Molti libri riassumono una frase.
La lingua batte dove la mente duole.
Il talento è un furto di natura.
Gli aforismi sono il monoteismo degli esuli.
Alcuni resistono aggrappati all'orlo dell'immaginazione.
Le colpe sanno molte cose, ma il vizio ne sa una grande.
Molti libri non richiedono di riflettere a chi li legge, e per una ragione molto semplice: essi non fecero tale richiesta a coloro chi li scrissero.
Si possono ignorare moltissimi libri, senz'essere, per questo, un ignorante.
Bisognerebbe leggere, credo, soltanto i libri che mordono e pungono. Se il libro che leggiamo non ci sveglia con un pugno sul cranio, a che serve leggerlo?

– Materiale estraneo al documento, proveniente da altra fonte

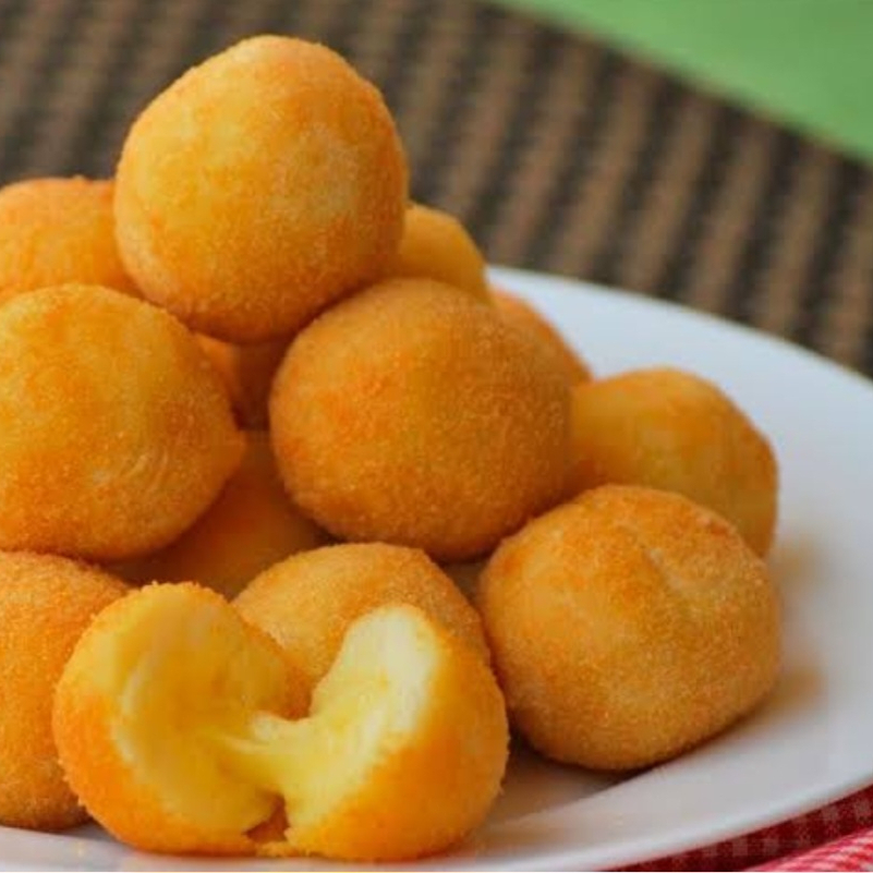 Bolinha de queijo feito com massa de batata macia e crocante por fora com um delicioso sabor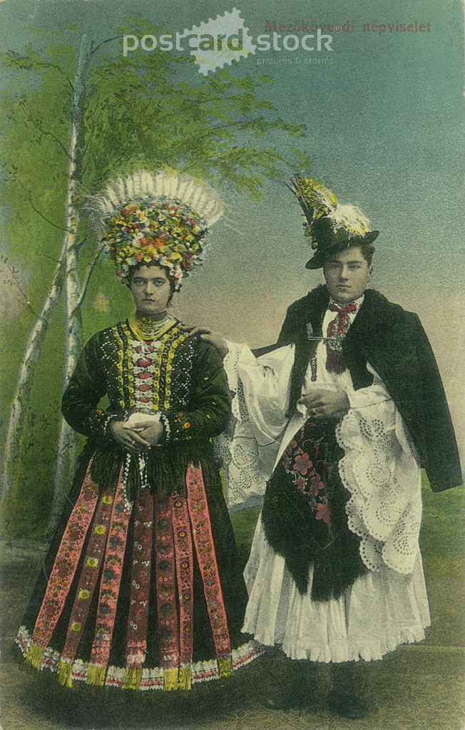Mezőkövesd folk costume. The people in the picture and the photographer are unknown. Colored photo. Old postcard. (2793864)

I libri non servono per sapere ma per pensare, e pensare significa sottrarsi all'adesione acritica per aprirsi alla domanda, significa interrogare le cose al di là del loro significato abituale reso stabile dalla pigrizia dell'abitudine.
Il bene di un libro sta nell'essere letto. Un libro è fatto di segni che parlano di altri segni, i quali a loro volta parlano delle cose. Senza un occhio che lo legga, un libro reca segni che non producono concetti, e quindi è muto.
Si scrive soltanto una metà del libro, dell'altra metà si deve occupare il lettore.
Un libro fatto è un istante passato, un gradino che ci ha servito per portarci più in alto.
Sono i libri che un uomo legge, quelli che lo accusano maggiormente.
Un monaco dovrebbe certo amare i suoi libri con umiltà, volendo il ben loro e non la gloria della propria curiosità: me quello che per i laici è la tentazione dell'adulterio e per gli ecclesiastici regolari è la brama di richezze, questa per i monaci è la seduzione della conoscenza.
Per capire la differenza che esiste tra leggere un racconto su internet o su un libro, basta chiudere gli occhi e mettere il palmo della mano, prima sullo schermo e poi sulla pagina del libro. Il contatto con la carta, anche detto "libridine", ci fa capire la differenza.